Say Anything and Eternal Sunshine of the Spotless Mind
Central Cinema, 2/7-2/11, $6
Every week this month, Central Cinema is killing it on programming; each week are two films rife with nostalgia and quality (and somehow very much like I would have dreamed the pairing into life). We launch off a memorable month with Say Anything and Eternal Sunshine of the Spotless Mind. Weep silently as these two great soundtracks and poignant love stories reverberate through every fiber of your being. And, Eternal Sunshine will be only 99¢ on Tuesday — all the more to spend on snacks!
A Night of Modern LoveCrosscut archive image.
Hugo House, Monday 2/10 at 7 p.m., $5
Editor of The New York Times column Modern Love Daniel Jones will join a few local memoirists for a memorable night discussing love in many of its aspects and incarnations. Jones book Love Illuminated draws from the 50,000 stories that have been submitted to him over the years and explores 10 sides of love — pursuit, destiny, vulnerability, connection, trust, practicality, monotony, infidelity, loyalty and wisdom. I’m no Romeo (or Juliet, though perhaps a bit of the apothecary), but this sounds like a lovely way to spend an evening.

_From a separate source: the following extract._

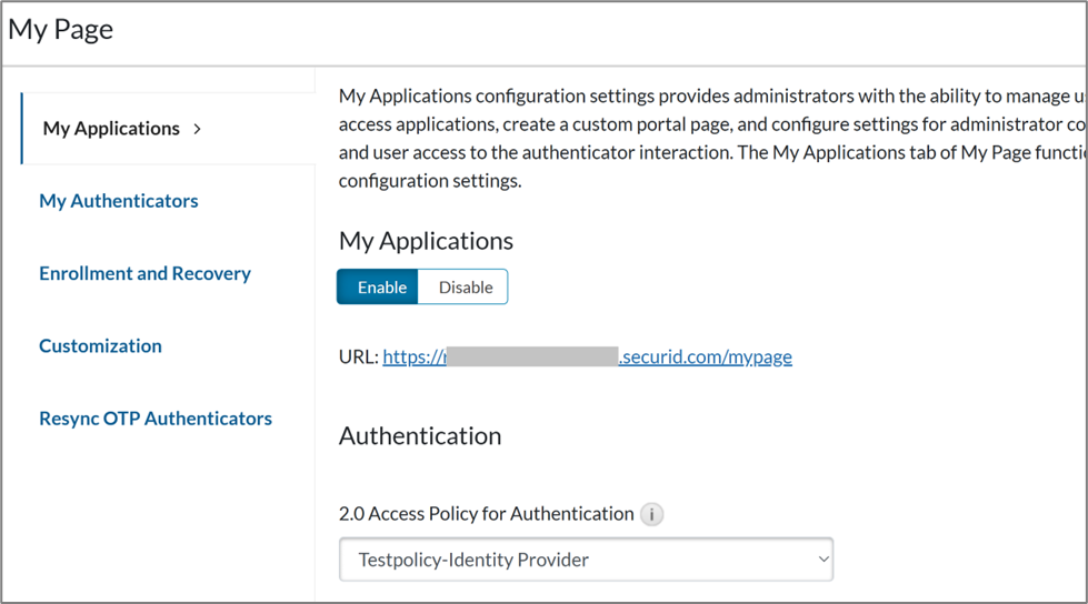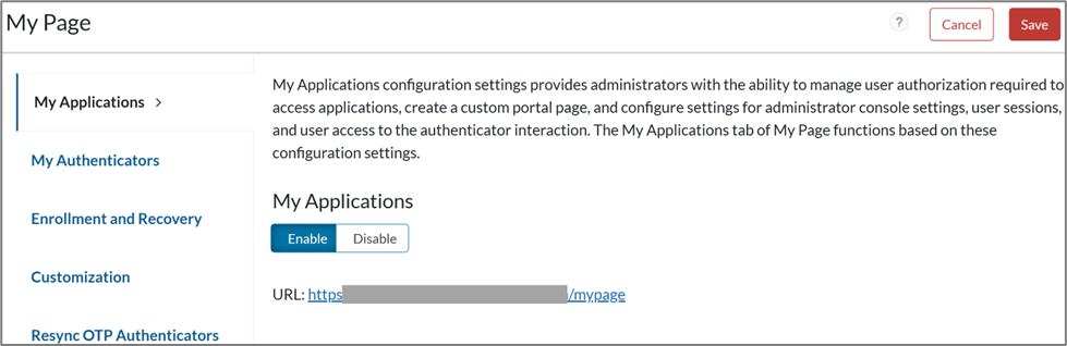 - Navigate to Access > My Page and ensure that the My Applications option is enabled. Users can use the displayed URL to access the self-service My Page portal.

Photo at right: Modern Love editor Daniel Jones. Hugohouse.org.
Roddy Doyle
University Bookstore, Tuesday 2/11 at 7 p.m., Free
Irish fiction writer Roddy Doyle comes to Seattle to read from his newest novel The Guts, a continuation of sorts of his 1980s novels. I first heard of Doyle when Dave Eggers read one of his short stories on The New Yorker fiction podcast, of which I love to sing the praises. Known for his humor and capturing working class Dublin life, Doyle’s work has spanned decades and mediums, with a collection of short stories, a memoir, and some screenplays thrown into the mix. Big Time Brewing company will also be providing free beer at the reading, which seems like a rare treat to me.